This may be true, says he, but some expressions are to be understood as loosely applied, such as these,
“Far from Ascania,”1173
and
“His name was Arnæus, given to him by his honoured mother,”1174
and
“Penelope seized the well-turned key with her firm hand.”1175
But admitting this, the other assertions are not to be allowed to which Demetrius is disposed to attend; nor has he refuted in a convincing manner those persons who maintain that we ought to read “far from Chalybe.” For having conceded that, although at present there are not silver mines among the Chalybes, they might formerly have existed, he does not grant that they were far-famed, and worthy of notice, like the iron mines. But some one may say, what should prevent them from being as famous as the iron mines, or does an abundance of iron make a place celebrated, and not an abundance of silver? Again, if the silver mines had obtained celebrity in the age of Homer, but not in the heroic times, can any one blame the poet’s representation? How did their fame reach him? How did the fame of the copper mines at Temesa in Italy, or of the wealth of Thebes in Egypt, reach his ears, although Egyptian Thebes was situated almost at double the distance of the Chaldæi.

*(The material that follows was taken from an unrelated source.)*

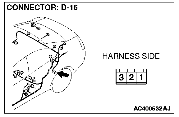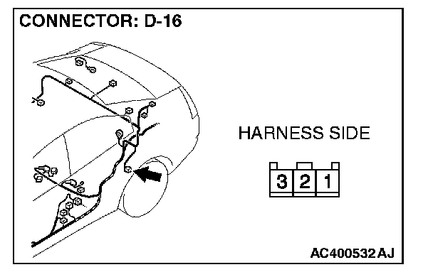 STEP 2. Check rear door switch (LH) connector D-16 for loose, corroded or damaged terminals, or terminals pushed back in the connector.

But Demetrius does not altogether agree with those whose opinions he espouses. For when he is describing the neighbourhood of Scepsis his own birth-place, he mentions Enea, a village, Argyria, and Alazonia, as near Scepsis, and the Æsepus;1176 but if these places exist at all, they must be near the sources of the Æsepus. Hecatæus places them beyond the mouths of that river. Palæphatus, who says that the Amazons formerly occupied Alope, and at present Zeleia, does not advance anything in agreement with these statements. But if Menecrates agrees with Demetrius, neither does Menecrates say what this Alope, or Alobe, is, (or, in whatever manner they please to write the name,) nor yet does Demetrius himself.